_What is required_: Write out the lines of the material below exactly, beginning at the line with "To complete your" and stopping after the line with "aux couleurs pastels.", and leave out the pictures.

_Data section_:
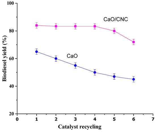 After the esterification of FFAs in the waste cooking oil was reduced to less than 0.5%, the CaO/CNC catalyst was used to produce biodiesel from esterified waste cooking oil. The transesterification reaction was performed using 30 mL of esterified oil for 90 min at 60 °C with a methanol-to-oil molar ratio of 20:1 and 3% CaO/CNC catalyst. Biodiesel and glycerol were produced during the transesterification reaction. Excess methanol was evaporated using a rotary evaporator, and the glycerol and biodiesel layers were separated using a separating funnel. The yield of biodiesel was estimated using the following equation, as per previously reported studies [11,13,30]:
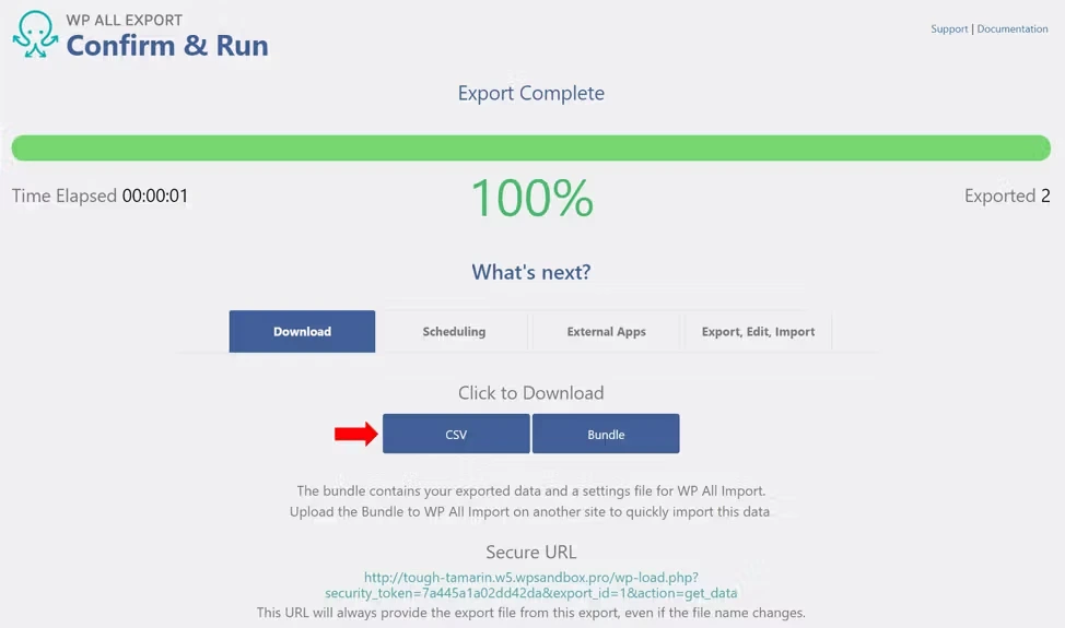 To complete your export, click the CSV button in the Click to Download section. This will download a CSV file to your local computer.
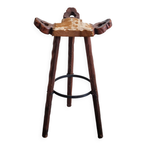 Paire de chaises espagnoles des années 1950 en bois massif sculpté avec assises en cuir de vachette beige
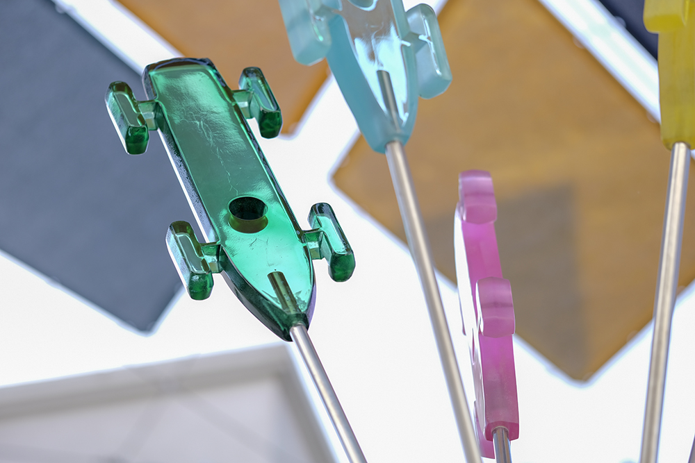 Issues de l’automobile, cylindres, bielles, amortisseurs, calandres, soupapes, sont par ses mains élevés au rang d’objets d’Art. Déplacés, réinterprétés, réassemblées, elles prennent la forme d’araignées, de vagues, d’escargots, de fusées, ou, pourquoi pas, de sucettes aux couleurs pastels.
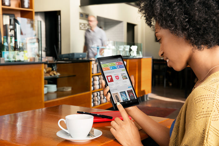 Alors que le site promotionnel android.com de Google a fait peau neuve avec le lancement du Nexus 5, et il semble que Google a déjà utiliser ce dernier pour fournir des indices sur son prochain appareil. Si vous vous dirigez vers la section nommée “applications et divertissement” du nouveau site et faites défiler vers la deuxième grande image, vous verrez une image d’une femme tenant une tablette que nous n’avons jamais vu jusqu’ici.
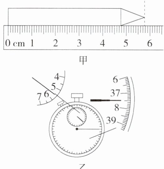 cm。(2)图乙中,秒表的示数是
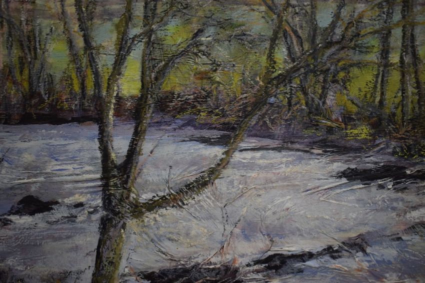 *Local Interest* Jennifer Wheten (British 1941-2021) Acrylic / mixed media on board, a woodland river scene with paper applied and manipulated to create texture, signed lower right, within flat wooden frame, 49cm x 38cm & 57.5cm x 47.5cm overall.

_Your response_:
 To complete your export, click the CSV button in the Click to Download section. This will download a CSV file to your local computer.
 Paire de chaises espagnoles des années 1950 en bois massif sculpté avec assises en cuir de vachette beige
 Issues de l’automobile, cylindres, bielles, amortisseurs, calandres, soupapes, sont par ses mains élevés au rang d’objets d’Art. Déplacés, réinterprétés, réassemblées, elles prennent la forme d’araignées, de vagues, d’escargots, de fusées, ou, pourquoi pas, de sucettes aux couleurs pastels.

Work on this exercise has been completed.